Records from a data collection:
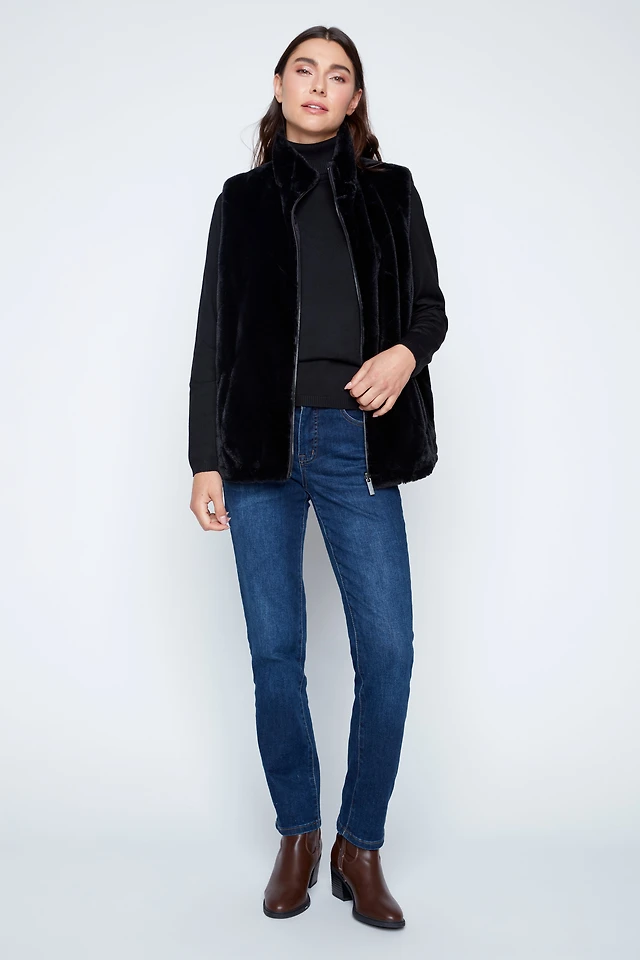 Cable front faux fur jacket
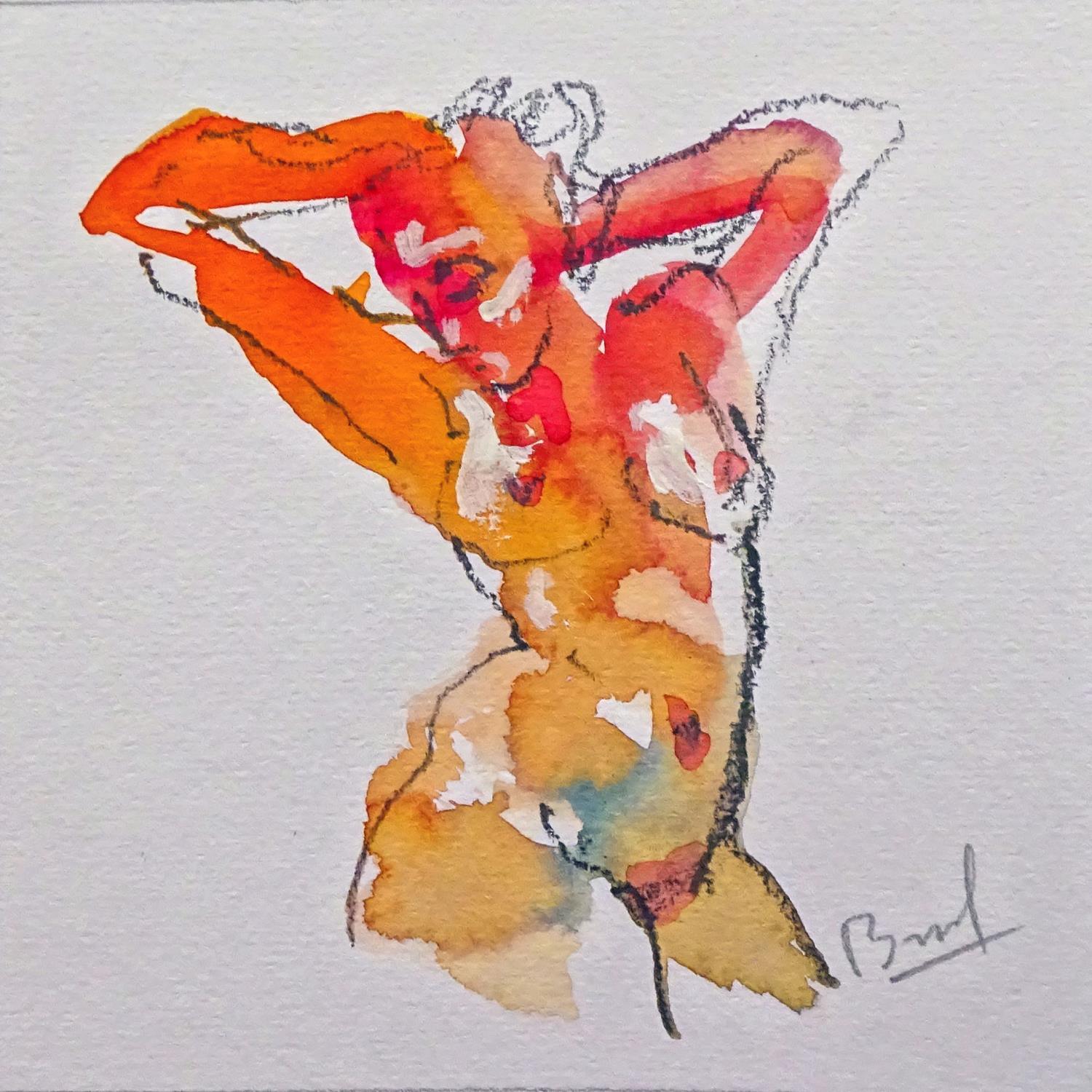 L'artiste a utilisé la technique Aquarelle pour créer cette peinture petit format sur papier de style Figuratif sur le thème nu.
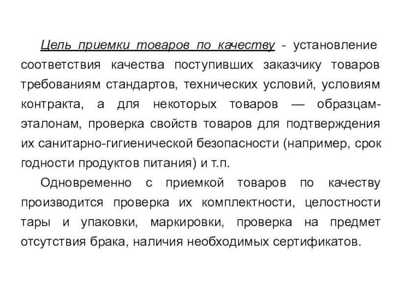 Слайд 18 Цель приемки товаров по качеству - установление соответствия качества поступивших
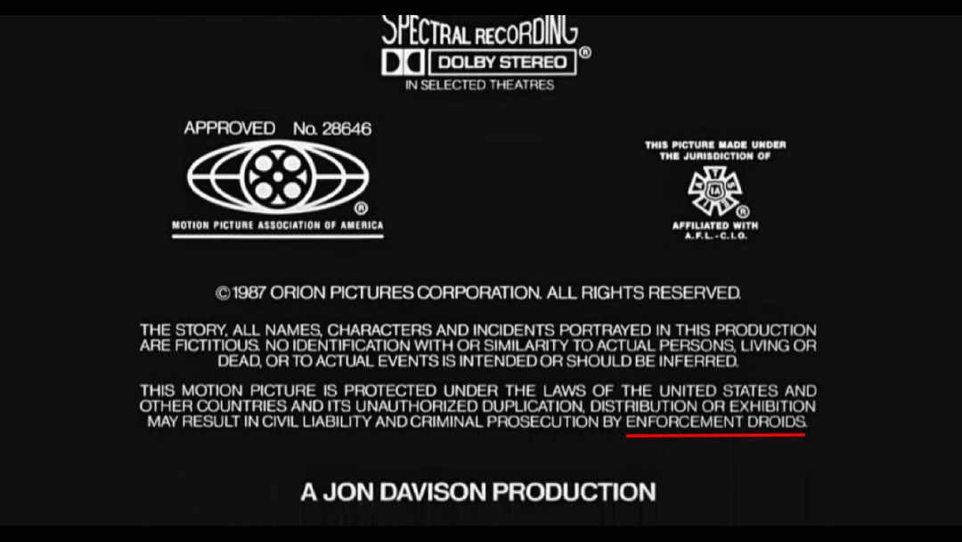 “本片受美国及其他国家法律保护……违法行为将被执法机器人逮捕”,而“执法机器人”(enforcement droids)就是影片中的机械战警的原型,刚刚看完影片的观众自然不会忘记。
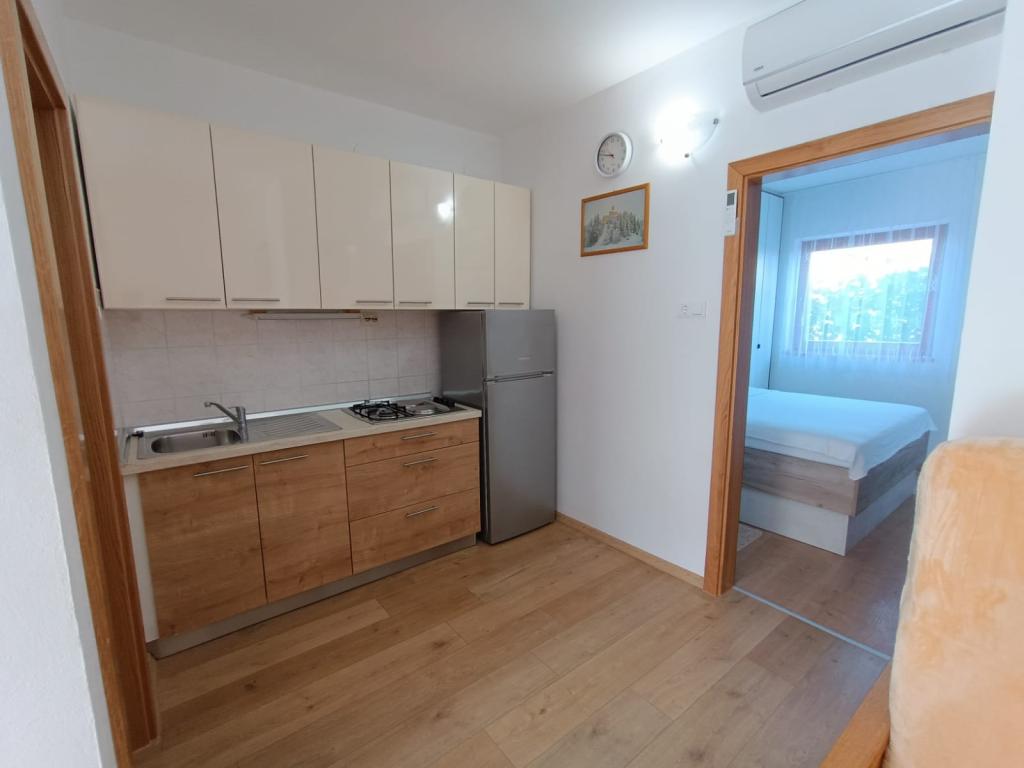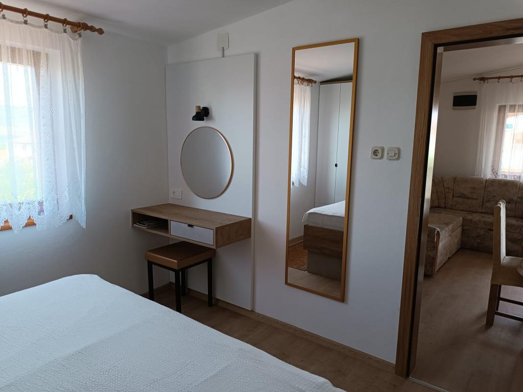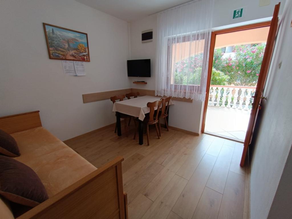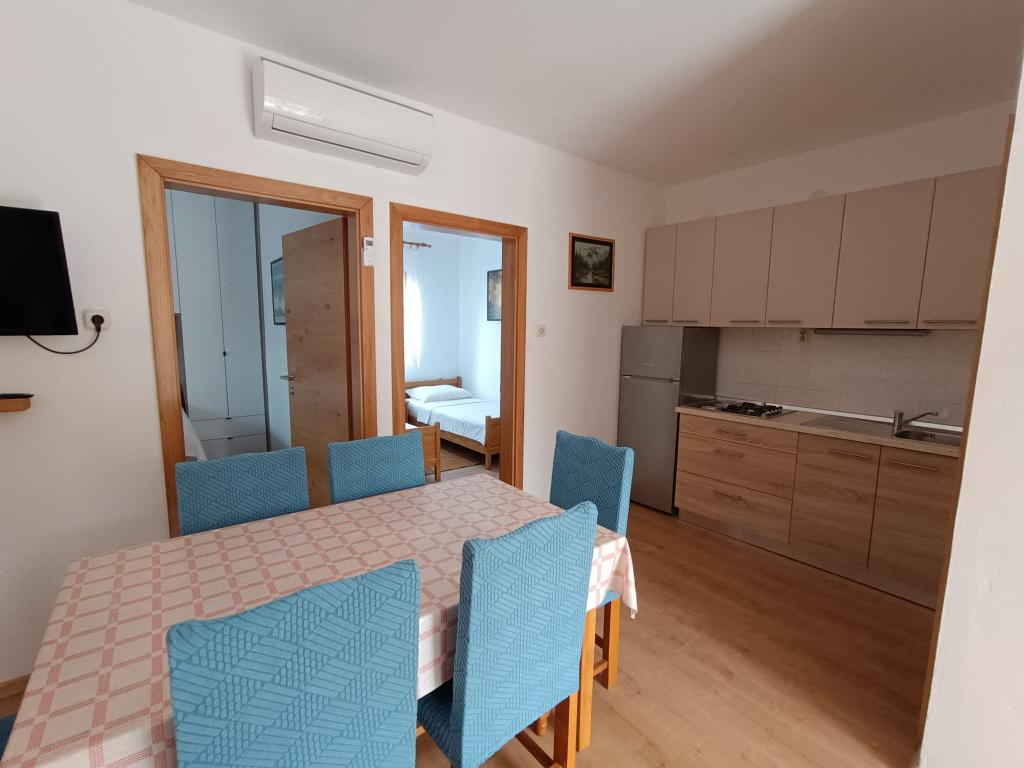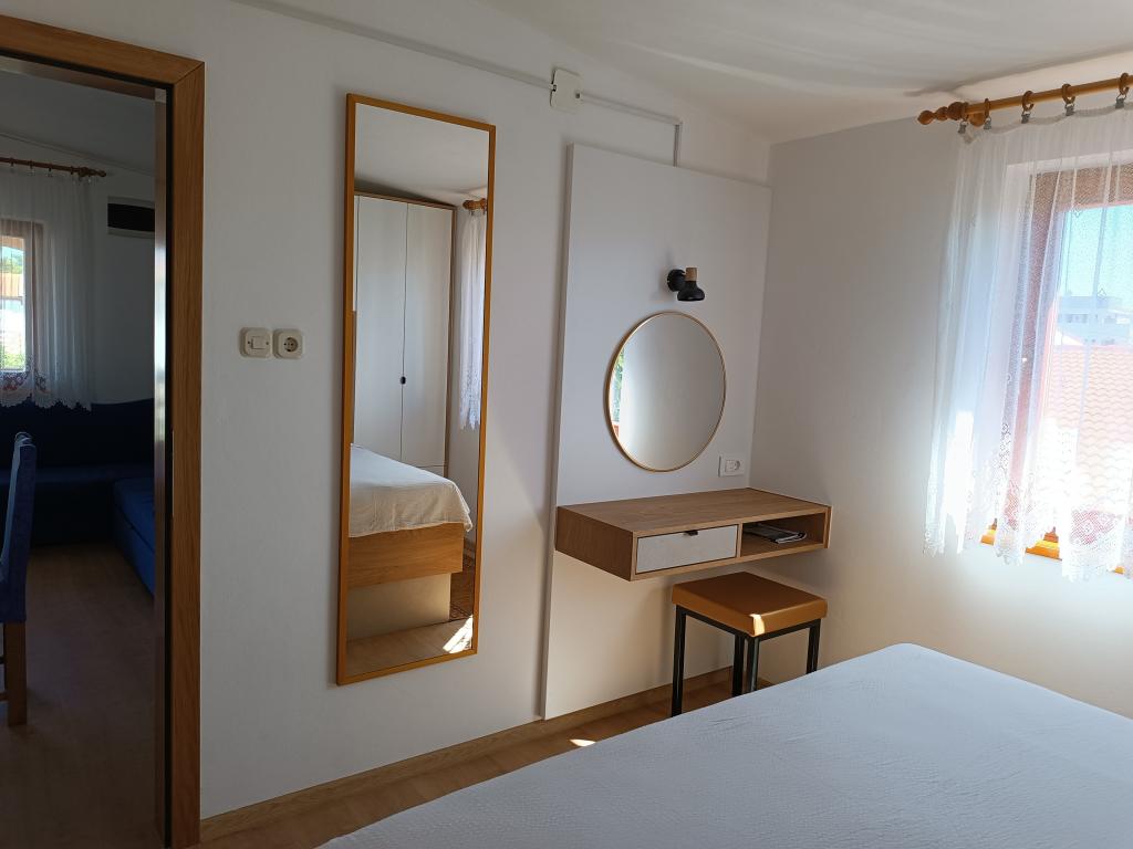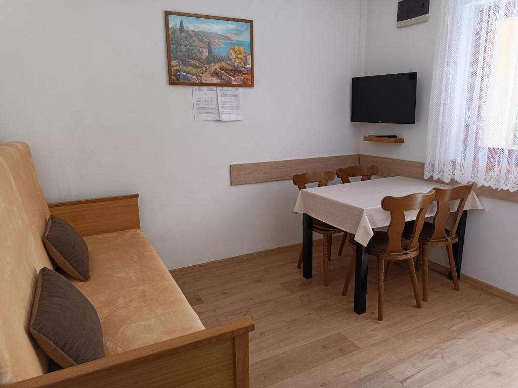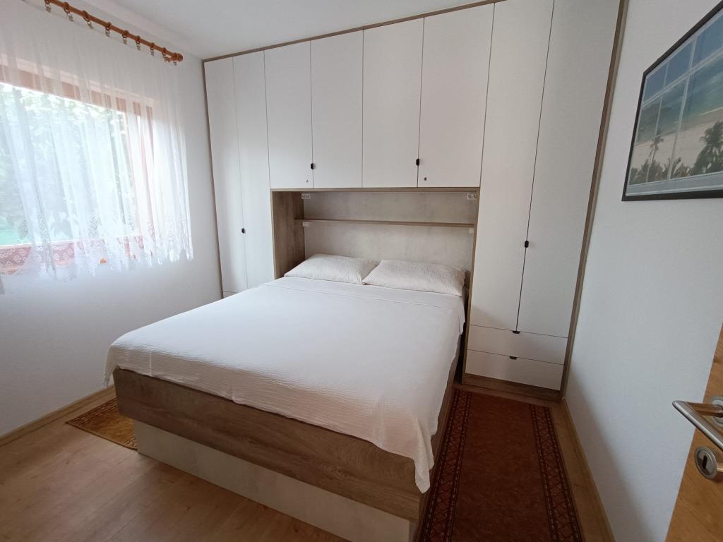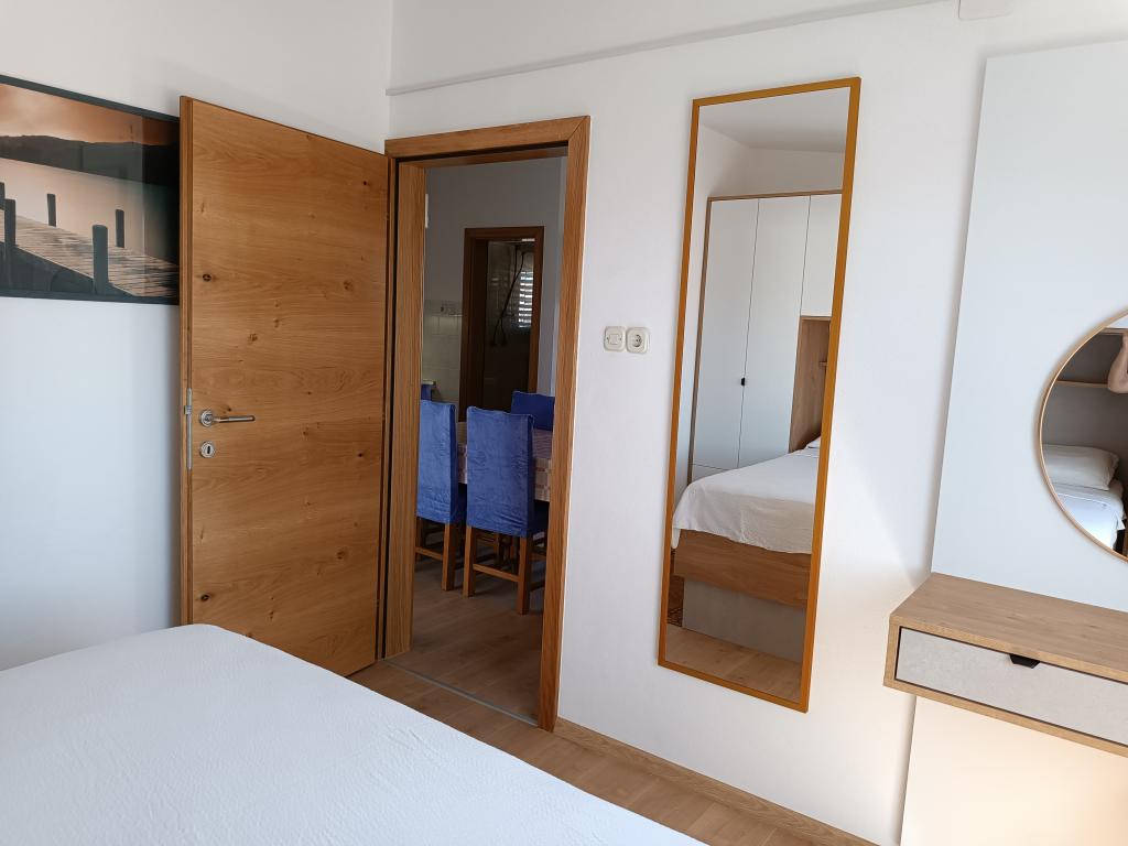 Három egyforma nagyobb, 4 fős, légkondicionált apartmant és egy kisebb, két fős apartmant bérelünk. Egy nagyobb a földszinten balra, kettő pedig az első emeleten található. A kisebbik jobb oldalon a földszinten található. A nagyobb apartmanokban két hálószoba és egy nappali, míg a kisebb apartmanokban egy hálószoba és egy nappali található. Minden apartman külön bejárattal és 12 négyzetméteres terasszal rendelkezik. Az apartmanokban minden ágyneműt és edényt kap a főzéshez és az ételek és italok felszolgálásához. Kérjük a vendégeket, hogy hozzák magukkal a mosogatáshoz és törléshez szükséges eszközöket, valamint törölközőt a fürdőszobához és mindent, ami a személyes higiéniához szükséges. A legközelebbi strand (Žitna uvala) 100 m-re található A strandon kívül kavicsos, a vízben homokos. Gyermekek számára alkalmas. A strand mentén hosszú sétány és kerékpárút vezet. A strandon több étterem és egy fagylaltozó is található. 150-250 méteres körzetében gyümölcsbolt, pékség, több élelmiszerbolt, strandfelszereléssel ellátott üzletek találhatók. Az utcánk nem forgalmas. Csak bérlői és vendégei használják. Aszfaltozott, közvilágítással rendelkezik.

Task directions :: Without the pictures, return the entries exactly as they appear.

Finished task ::
 Cable front faux fur jacket
 L'artiste a utilisé la technique Aquarelle pour créer cette peinture petit format sur papier de style Figuratif sur le thème nu.
 Слайд 18 Цель приемки товаров по качеству - установление соответствия качества поступивших
 “本片受美国及其他国家法律保护……违法行为将被执法机器人逮捕”,而“执法机器人”(enforcement droids)就是影片中的机械战警的原型,刚刚看完影片的观众自然不会忘记。
 Három egyforma nagyobb, 4 fős, légkondicionált apartmant és egy kisebb, két fős apartmant bérelünk. Egy nagyobb a földszinten balra, kettő pedig az első emeleten található. A kisebbik jobb oldalon a földszinten található. A nagyobb apartmanokban két hálószoba és egy nappali, míg a kisebb apartmanokban egy hálószoba és egy nappali található. Minden apartman külön bejárattal és 12 négyzetméteres terasszal rendelkezik. Az apartmanokban minden ágyneműt és edényt kap a főzéshez és az ételek és italok felszolgálásához. Kérjük a vendégeket, hogy hozzák magukkal a mosogatáshoz és törléshez szükséges eszközöket, valamint törölközőt a fürdőszobához és mindent, ami a személyes higiéniához szükséges. A legközelebbi strand (Žitna uvala) 100 m-re található A strandon kívül kavicsos, a vízben homokos. Gyermekek számára alkalmas. A strand mentén hosszú sétány és kerékpárút vezet. A strandon több étterem és egy fagylaltozó is található. 150-250 méteres körzetében gyümölcsbolt, pékség, több élelmiszerbolt, strandfelszereléssel ellátott üzletek találhatók. Az utcánk nem forgalmas. Csak bérlői és vendégei használják. Aszfaltozott, közvilágítással rendelkezik.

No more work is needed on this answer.